From the intersection of teaching and research, the 2021 Charles Baillie winner puts students to work in the world

Posted on June 02, 2021


Like a well-fitted prosthesis, Dr. Claire Davies has worked to seamlessly integrate her research in biomedical engineering with her practice as an educator. “Teaching informs research, and research informs teaching,” she said. That ethos is a big part of why Dr. Davies has become the 2020 recipient of the Chancellor A. Charles Baillie Teaching Award, a university-wide honour recognizing her teaching and its outstanding influence on the quality of student learning at Queen’s University.

An associate professor in Mechanical and Materials Engineering, Dr. Davies tries to push her students to consider applications beyond the classroom. “People with disabilities have trouble operating computers, so in my ergonomics class I ask my students, ‘what are the different tools that we can use? How fast or slow are they? How can we make them better?’” she said. To further encourage students to consider the real-world implementation of concepts, she incorporates the ground-breaking research being done by her own team at the Building and Designing Assistive Technology lab into her course material. “We want to make sure they experience what they’re being taught,” she said.

Dr. Claire Davies

Dr. Davies admits that she wasn’t immediately in love with the craft of teaching. It took time, hard work, and some good advice before she became comfortable as an educator. She described being in front of a class during one of her early teaching experiences as a sessional instructor at the University of Guelph and feeling entirely out of her element. “I completely lost it,” she said. “The students were all over the place. I was in too deep.”

She sought the advice of Peter Wolf, an instructional course developer at Guelph who would later go on to work at Queen’s. He introduced her to the concept of project-based learning. “He taught me how you can include students in their own projects and learning process,” she said.

Now Dr. Davies' entire practice is centred around the idea of experiential learning. She recognizes that the best way to get students thinking about their impact beyond the classroom is to encourage them to get outside of it. That’s why she makes a concerted effort to get her students into the community, working directly with people who really need the assistive technologies they study in class.

She had a group of students this year design a playing-card holder for someone physically unable to hold up cards on her own. “I popped into the Zoom room right as the mother said to the students that this was the first time her daughter had ever been able to play cards by herself,” she said. “I can’t imagine what the students felt when they heard that response, because they knew they were making a difference in that person’s life right then and there.”

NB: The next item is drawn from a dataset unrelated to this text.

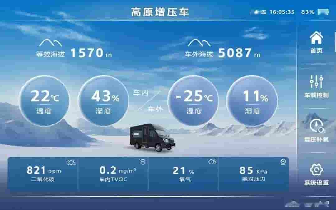 这款增压车采用了自主研发的智能增压技术,该技术能够根据海拔高度的变化自动调节车内压力,确保行车过程中舱内气压维持在平原水平。这一创新设计有效缓解了乘客在高原地区常见的头痛、呼吸困难等高原反应症状,为乘客提供了更为舒适的乘坐体验。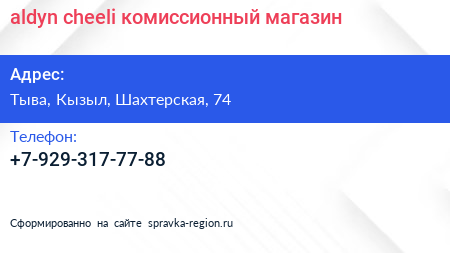 aldyn-cheeli, комиссионный магазин по адресу Тыва, Кызыл, Шахтерская, 74 в дальнейшем Организация, размещена в следующих категориях:

For the students in her lab, Dr. Davies is as much a mentor as she is a supervisor. For Davies, that means making herself available to provide any kind of support they may need. “I try to meet with my students every week so that they know they have someone to talk to, even if it isn’t related to the research directly,” she said. “I try to make sure that they know that they’ve got a supportive environment.”

Her efforts have clearly resonated with some: two of her students have received awards themselves for excellence in their teaching assistantships. “The mentorship role has been passed on to them,” she said.

Dr. Davies is adamant that the Baillie award is reflective of a team effort—from the teaching assistants who help her instill a passion for biomedical engineering among her students, to the people from her past who made her appreciate the value of mentorship.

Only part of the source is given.